• **Provided data**:

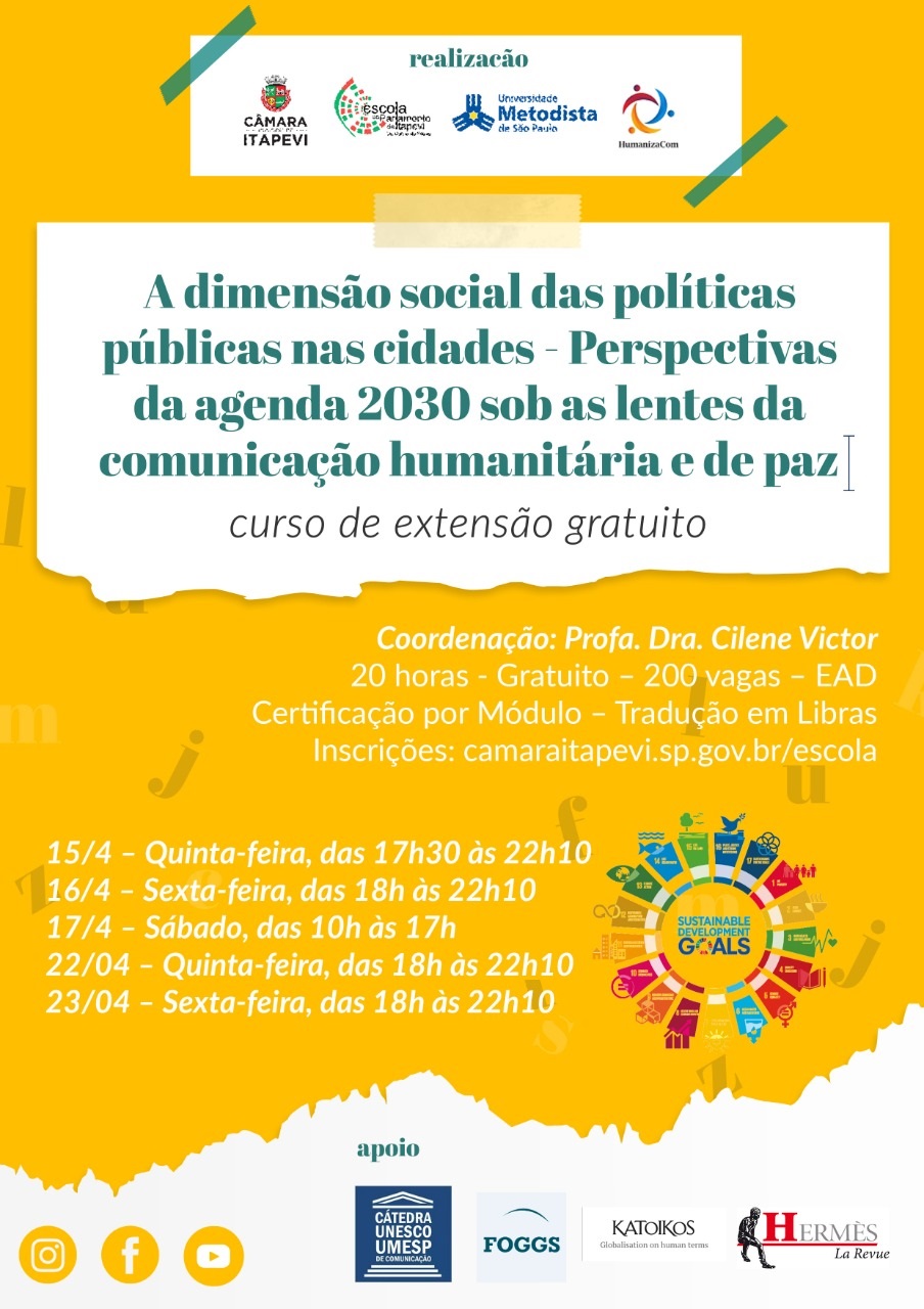 O curso de extensão gratuito “A dimensão social das políticas públicas nas cidades – Perspectivas da agenda 2030 sob as lentes da comunicação humanitária e de paz” está com inscrições abertas até o dia 10 abril, através do site camaraitapevi.sp.gov.br/escola. O curso, coordenado pela professora e doutora Cilene Victor, da Universidade Metodista de São Paulo, terá duração de 20 horas e um total de 200 vagas.
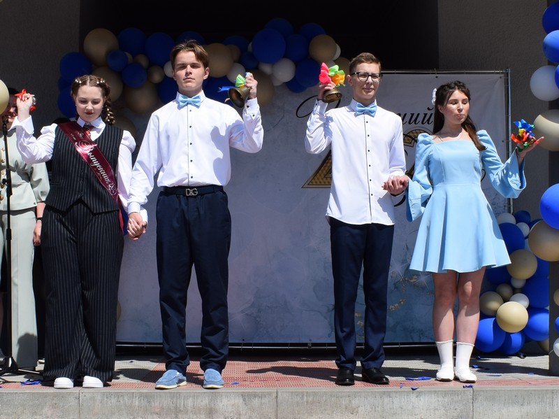 Выпускники закружились в прощальном вальсе, а затем прозвенел последний школьный звонок. На прощанье ребята выпустили в небо воздушные шары.
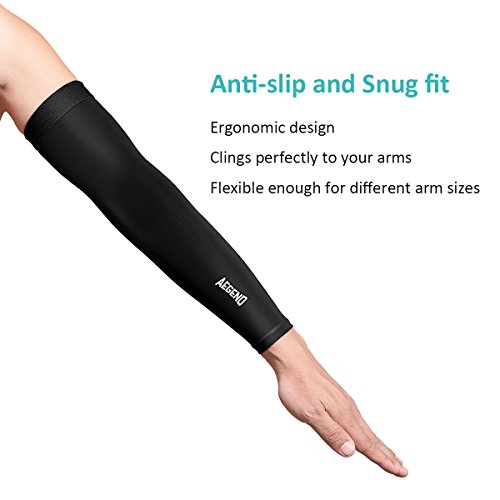 Arm Sleeves, Aegend Arm Sleeves UV Sun Protection Anti-slip for Men Women Youth Arm Warmers for Cycling Hiking Golf Basketball Driving Outdoor Sport Tattoo Cover Elbow Sleeve – 1 Pair, Black, 3 Sizes (Large)

• **What is needed**:
Each line of the data above is to be output exactly; the pictures are not to appear.

• **Exercise response**:
 O curso de extensão gratuito “A dimensão social das políticas públicas nas cidades – Perspectivas da agenda 2030 sob as lentes da comunicação humanitária e de paz” está com inscrições abertas até o dia 10 abril, através do site camaraitapevi.sp.gov.br/escola. O curso, coordenado pela professora e doutora Cilene Victor, da Universidade Metodista de São Paulo, terá duração de 20 horas e um total de 200 vagas.
 Выпускники закружились в прощальном вальсе, а затем прозвенел последний школьный звонок. На прощанье ребята выпустили в небо воздушные шары.
 Arm Sleeves, Aegend Arm Sleeves UV Sun Protection Anti-slip for Men Women Youth Arm Warmers for Cycling Hiking Golf Basketball Driving Outdoor Sport Tattoo Cover Elbow Sleeve – 1 Pair, Black, 3 Sizes (Large)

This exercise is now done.